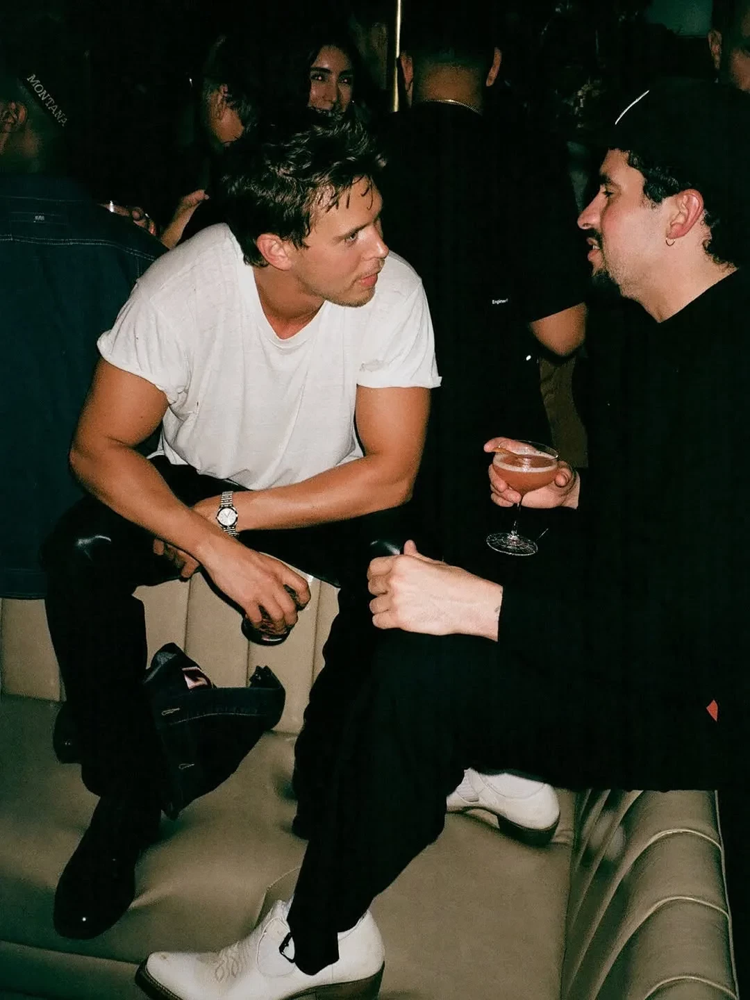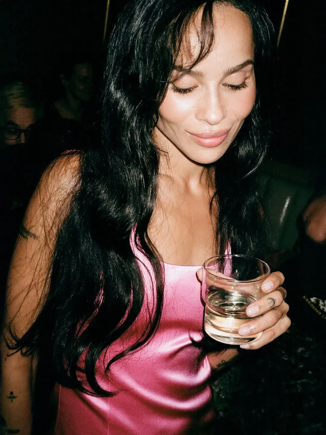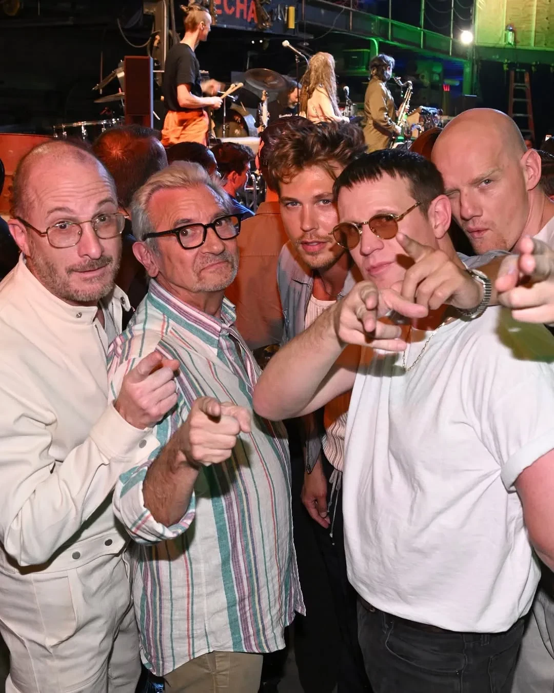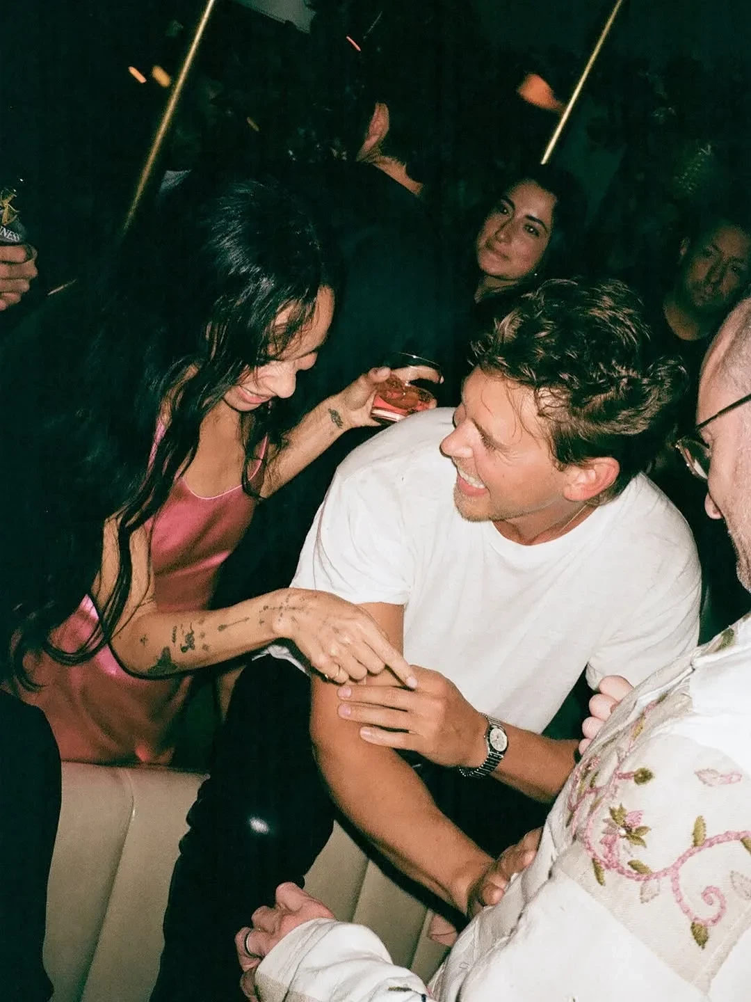 Зои Кравиц и Остин БатлерЧуть ранее съёмочная группа устроила перформанс в одном из баров города. Здесь играли музыканты, Кукушкин* устроил небольшое представление.
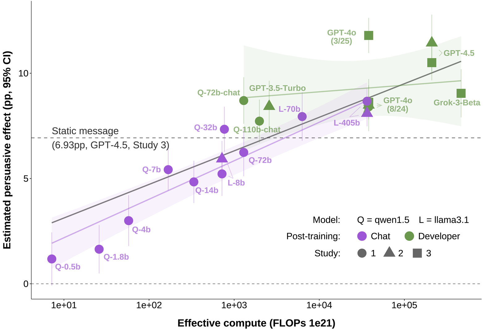 My research on AI propaganda factories demonstrates how to turn such effects into an always-on pipeline. We now know that persuasiveness of LLM models appear to scale logarithmically in function of the model size:
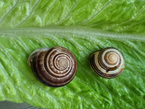 Ende Januar 2024 kam die (noch recht kleine) "Schnirkel" mit dem Löwenzahn vom türkischen Gemüsehändler zu uns. Seither lebt sie in einem "Terrarium", das ich wohl intuitiv sinnvoll ausgestattet habe. Nun ist sie auf ca 2,5/ 3 cm Durchmesser herangewachsen, was mir für eine deutsche Bänder-/Schnirkel oä etwas groß erscheint.
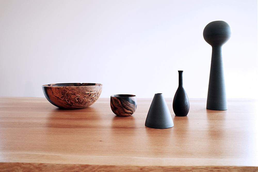 木と土、自然素材の魅力を生かし、独自のフォルムを生み出すふたりの造形に
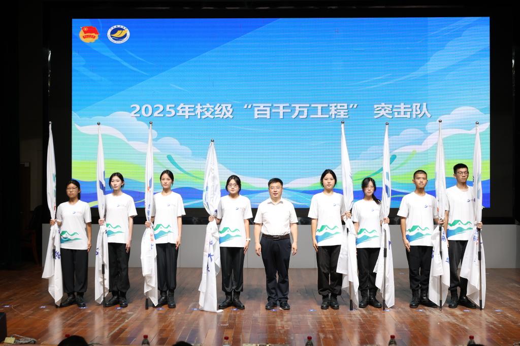 仪式在回顾2024年社会实践丰硕成果的视频中拉开序幕。杨洲为2025年出征团队学生代表授旗。本年度重点组建的“国家资助和助学贷款政策下乡行”团队、校级“百千万工程”突击队接过象征使命与担当的旗帜,整装待发。

###

*AIM OF THE TASK*: In the copy, every entry appears exactly as written above and no picture appears.

*EXERCISE RESULT*:
 Зои Кравиц и Остин БатлерЧуть ранее съёмочная группа устроила перформанс в одном из баров города. Здесь играли музыканты, Кукушкин* устроил небольшое представление.
 My research on AI propaganda factories demonstrates how to turn such effects into an always-on pipeline. We now know that persuasiveness of LLM models appear to scale logarithmically in function of the model size:
 Ende Januar 2024 kam die (noch recht kleine) "Schnirkel" mit dem Löwenzahn vom türkischen Gemüsehändler zu uns. Seither lebt sie in einem "Terrarium", das ich wohl intuitiv sinnvoll ausgestattet habe. Nun ist sie auf ca 2,5/ 3 cm Durchmesser herangewachsen, was mir für eine deutsche Bänder-/Schnirkel oä etwas groß erscheint.
 木と土、自然素材の魅力を生かし、独自のフォルムを生み出すふたりの造形に
 仪式在回顾2024年社会实践丰硕成果的视频中拉开序幕。杨洲为2025年出征团队学生代表授旗。本年度重点组建的“国家资助和助学贷款政策下乡行”团队、校级“百千万工程”突击队接过象征使命与担当的旗帜,整装待发。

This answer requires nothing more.